Europaministerin Karoline Edtstadler (ÖVP) will sich sichtlich nicht mit der Familienbeihilfe für 24-Stunden-Betreuerinnen auseinandersetzen. Und schon gar nicht mit der Kürzung ebendieser, wie sie Anfang 2019 von der damals schwarz-blauen Regierung durchgesetzt wurde. "Ich bitte Sie einfach, diese Dinge zu trennen", sagte sie im Ö1-Morgenjournal auf die Frage, ob diese Indexierung nun, da Betreuerinnen hofiert und mit allen Mitteln und Verkehrsmitteln ins Land geholt werden, nicht neu zu bewerten sei.

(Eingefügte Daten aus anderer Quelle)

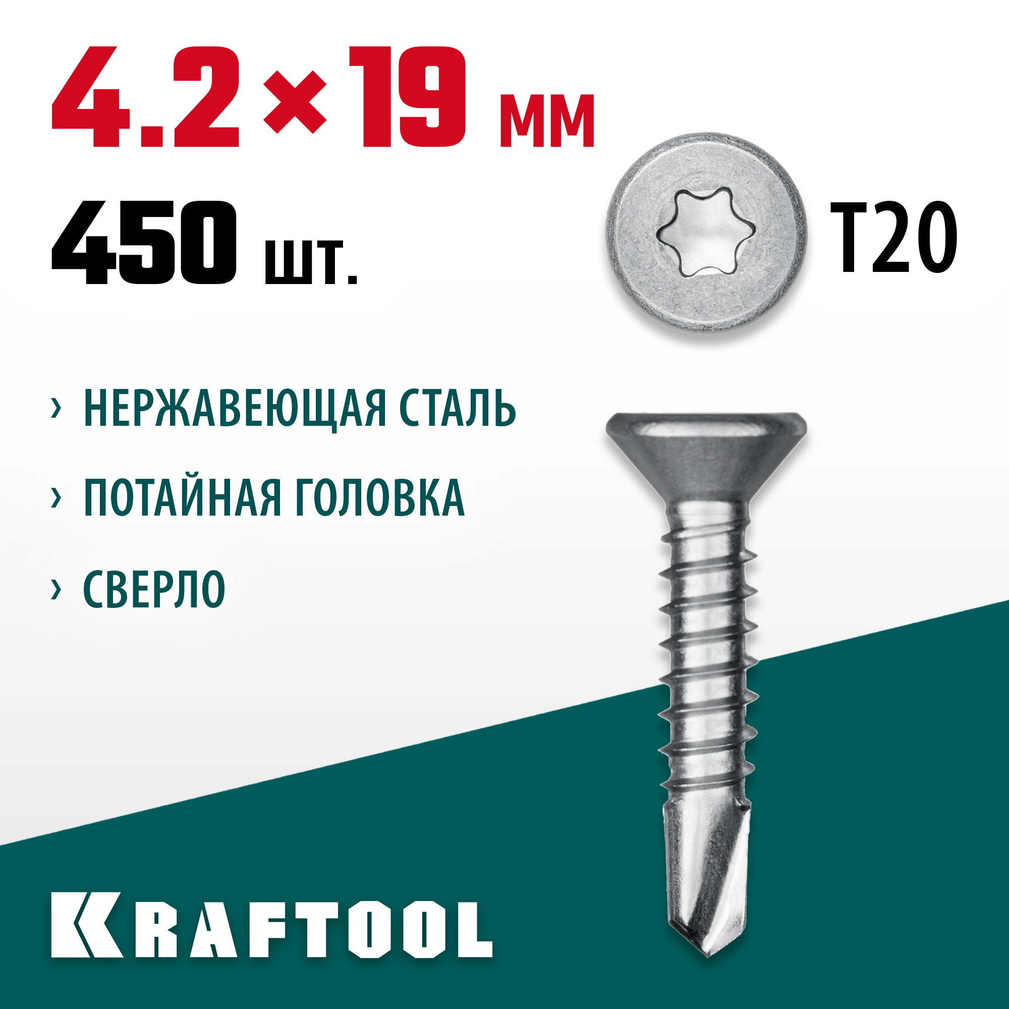 KRAFTOOL DS-C, 19 х 4.2 мм, А2, сверло, потайная головка, ТХ20, 450 шт, саморез нержавеющий (300932-42-019)

Die eine Sache, wiegelte Edtstadler ab, sei der Lohn für eine unverzichtbare Arbeit, dieser solle fair sein. Das andere aber sei ein Ersatz für die Kosten, die ein Kind verursacht, und die seien eben nicht in ganz Europa gleich hoch. Und überhaupt: Die Europäische Kommission sei am Zug zu bewerten, ob die Kürzung der Familienbeihilfe rechtmäßig war. Diese leitete bekanntlich wenige Tage nach Inkrafttreten der Regelung ein Vertragsverletzungsverfahren ein, der nächste Schritt könnte eine Klage beim Europäischen Gerichtshof (EuGH) sein.

Europaministerin Karoline Edtstadler (ÖVP).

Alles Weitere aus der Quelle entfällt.